Not only neuroendocrine cells, but also NETs, expressing general markers of neuroendocrine differentiation such as chromogranin, synaptophysin and neuron-specific enolase. These are peptide hormones, and can be employed in the clinical and morphological diagnosis of GEP-NET, because they are independent of cell-specific hormone production. These peptide hormones share a neural-endocrine phenotype [16]. Synaptophysin is a small synaptic vesicle, and Chromogranin A (CgA) is a membrane protein of neurosecretory granules. These molecules can serve as tumor markers, including serum tumor markers and immunohistochemical tumor markers [17]. These peptide hormones are useful for establishing the diagnosis of NET. Furthermore, serum CgA levels, a widely used serum marker and member of the chromogranin family, are often elevated in the serum of patients with PNET especially those with non-functioning tumors [18]. Serum CgA is now considered to be the best available biomarker for the diagnosis of NET, and an elevated CgA level may correlate with tumor progression. In neuroendocrine cells, CgA is usually secreted into the serum with the hormones inside, however the real reason for the elevation of CgA in patients with NET and its relation to tumor growth are unknown. Enolase is a glycolytic enzyme with five subtypes, and two types are expressed in neuroendocrine cells, called neuron specific enolase (NSE). If cells containing NSE are lysed due to rapid proliferation and/or treatment of the tumor, the serum level of NSE is elevated [19]. Not only neuroendocrine cells but also NET cells express at least two subtypes of somatostatin receptors (SSTRs) which are important for the regulation of hormones. SSTRs are analyzed using various procedures, including immunohistochemistry (IHC) for especially SSTR2 [20]. Neural cell adhesion molecules (NCAM) which contribute to cell proliferation are also specific markers (Figure 2). The NET cells contain the same specific markers as neuroendocrine cells, and it is important to comprehend the character of neuroendocrine cells.

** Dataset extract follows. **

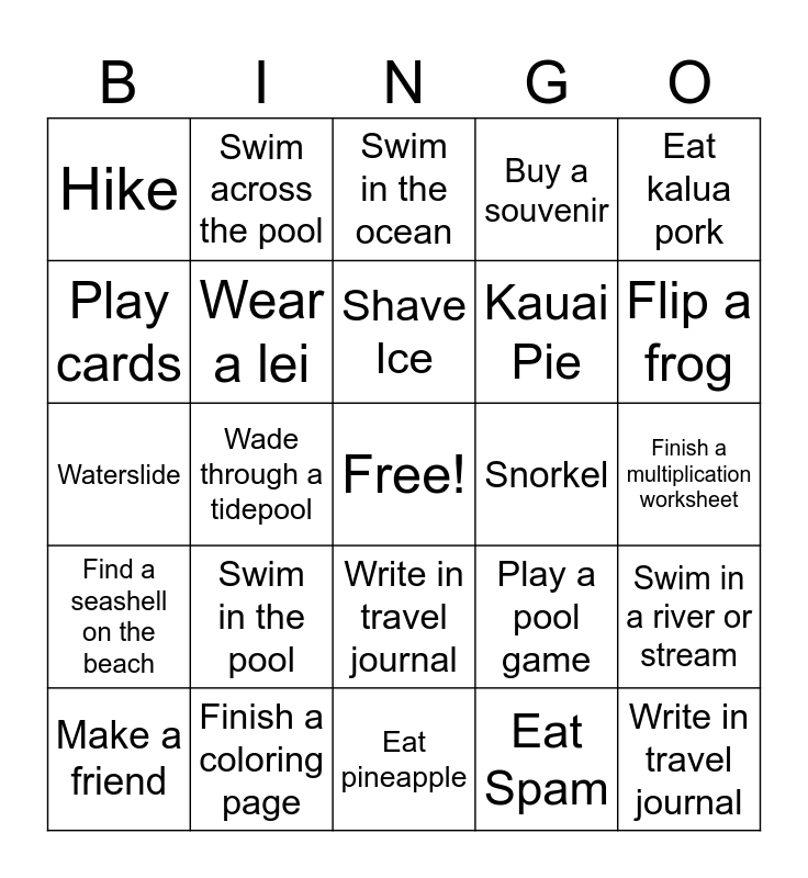 This bingo card has a free space and 24 words: Swim in the pool, Finish a coloring page, Shave Ice, Make a friend, Eat kalua pork, Hike, Play cards, Swim across the pool, Snorkel, Write in travel journal, Kauai Pie, Waterslide, Play a pool game, Swim in a river or stream, Wear a lei, Eat Spam, Finish a multiplication worksheet, Swim in the ocean, Flip a frog, Wade through a tidepool, Write in travel journal, Find a seashell on the beach, Buy a souvenir and Eat pineapple.

Overview of Neuroendocrine Tumors

Oberndorfer coined the term “karzinoide” in 1907, which means “carcinoma like”, implying that the tumors are “benign carcinomas”, because these tumors were evaluated as carcinomas based on pathological findings but the clinical course was benign at the beginning [21]. However, this is an unfortunate misnomer for the majority of NETs. After World War II, along with long-term survivors, some NETs were revealed to have malignant potential and metastasize, generally to the liver. Referring to any NET, the term “carcinoid” should only be used in reference to carcinoid syndrome. The symptoms of carcinoid syndrome include flushing, abdominal cramps, and diarrhea, and most cases are associated with tumors of the gastrointestinal tract [22]. Carcinoid syndrome occurs in approximately 8% to 35% of patients with NETs and occurs mostly in patients with hepatic metastases. These symptoms are a consequence of vasoactive peptides such as serotonin, histamine, or tachykinins being released into the circulation [23, 24].

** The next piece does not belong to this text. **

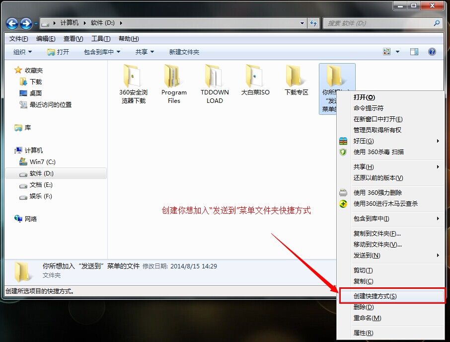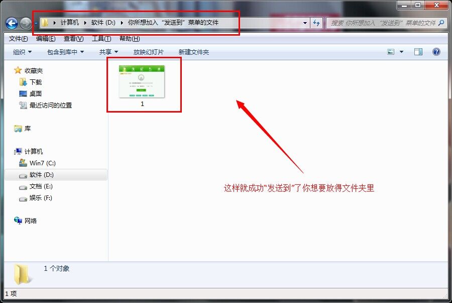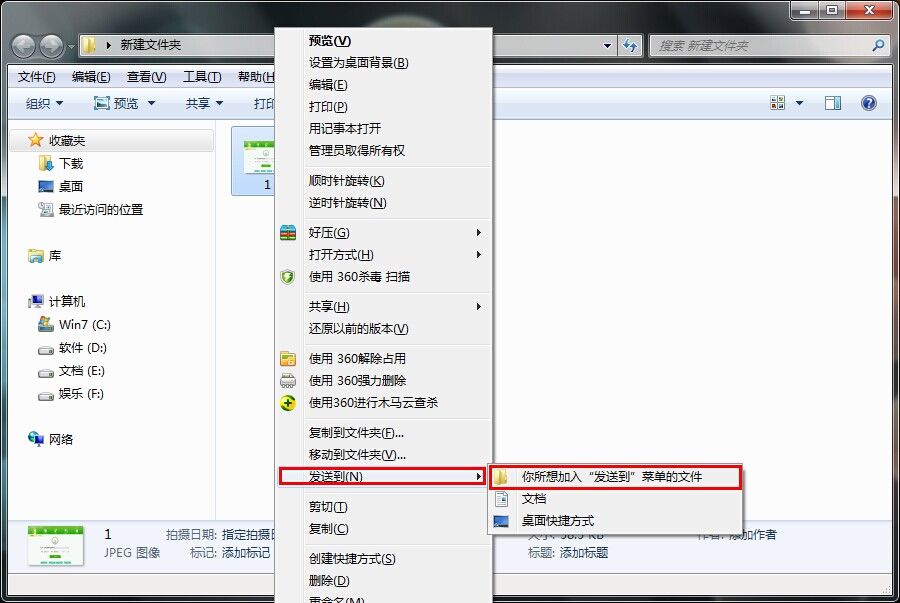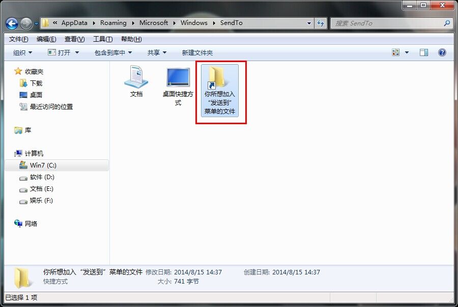 4.右键你所操作的文件,选择“发送到”你所想存放文件的文件夹(这里你会发现已经成功把想存放文件的文件夹的快捷方式添加到“发送到”中)。如下图所示

At least 17 different entities are described arising in different organs only in GEP-NET, and different terminologies have increased the level of confusion. Moreover, NETs are generally characterized by their ability to produce peptides that lead to the associated syndromes, and named their ability based on the production of these hormones. These different characteristics are not common to every NET which over time has led to confusion, which gradually became fixed in the medical literature. In 2000, the World Health Organization (WHO) for the first time updated its classification of NETs based on site of origin, clinical syndrome, and degree of differentiation [25]. Finally, NETs are now regarded as malignant neoplasms that can cause multiple symptoms and are a potentially life-threatening disease.

Epidemiology of Neuroendocrine Tumors

NETs are rare tumors. However, the number of patients is increasing every year originating not only in the pancreas, but also other sites referred to as GEP-NET [26]. A review of the National Cancer Institute Surveillance, Epidemiology and End Results (SEER) database showed an increased incidence of NETs from 1973 (1.09/100,000) to 2004 (5.25/100,000), with an estimated prevalence of 103,312 cases in the United States [27]. The age-adjusted incidence rate amazingly increased 6.4 fold from 1973 (1.09 per 100 000) to 2012 (6.98 per 100 000). This tendency is found not only in the United States but all over the world, and the incidence of NETs has markedly increased over the past three decades.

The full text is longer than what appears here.